To help streamline the process and hold schools accountable for creating and implementing their plans, districts and state departments of education often created elaborate templates for how they wanted school improvement plans written. In some cases, states even created standard templates required of all schools and districts. Often, these were well-intentioned attempts to minimize the number of documents that schools had to submit. For example, a school might no longer have to submit a separate Title I plan as there was a universal improvement plan that covered everything. Sometimes the templates, either district- or state-mandated, tried to force the school to follow a certain process to generate its plans. The template could include, for example, questions about what data were used to generate the plan, what the analysis of these data revealed, and how community stakeholders were engaged to decide on the appropriate goals.
And yet, despite encompassing many rules in what appeared to be an attempt to institutionalize data-based decision-making and create meaningful change, processes to create the plan, and the plans themselves, infrequently included deep discussion about equity or changing practice — the primary process for producing results in schools. Moreover, these plans rarely created the impression that teachers were supposed to teach differently or reflect on how they thought about and understood their relationship to their students.
Perhaps it is the case that in your school or district you participate in an annual cycle of goal setting … with the sinking feeling that none of it will amount to real change.

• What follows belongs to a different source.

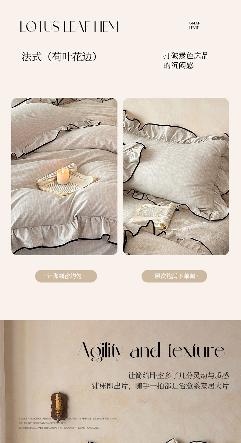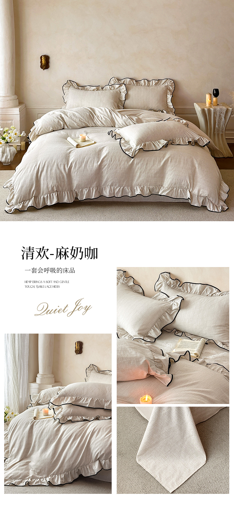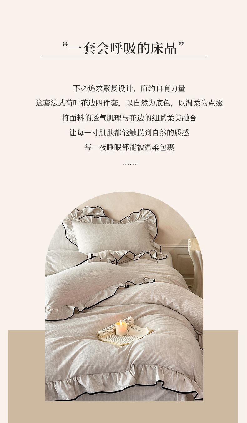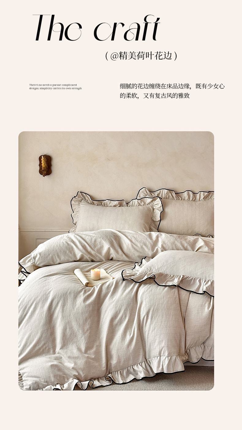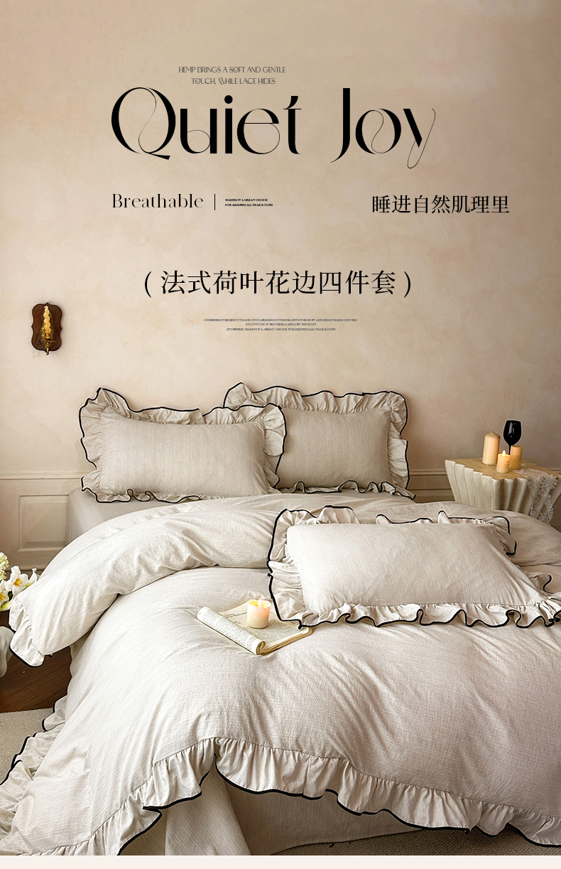 当前位置: 91家纺网 > 商品网购 > 床品套件 > 四件套 > 其它四件套 > (总)苏源家居 2026新款法式黑包边亚麻公主风荷叶边四件套-清欢

This is strange, when you think about it, as the organizational consultant who is frequently cited as the instigator of data-driven planning, W. Edwards Deming (1986), was all about process. His book Out of the Crisis is a kind of manifesto about how generations of business owners had not paid enough attention to the processes being used in generating their results. Some of his ideas were translated into familiar slogans: “If you do what you’ve always done, you’ll get what you’ve always gotten,” “The definition of madness is doing the same thing over and over and expecting a different result,” and “Every system is perfectly designed to achieve the results it gets.”
Perhaps it is the case that in your school or district you participate in an annual cycle of goal setting, filling out templates to create a plan, submission of the plan for feedback and approval, and working with committees, departments, or grade-level teams to implement the plan—all with the sinking feeling that none of it will amount to real change. Perhaps you’re frustrated as the plan you created seems to have no life outside its place on the shelf. Perhaps you’re looking for suggestions for how to give the process more meaning and traction.
In that case, you’re in the right place, because that’s exactly what we’re going to do in this book.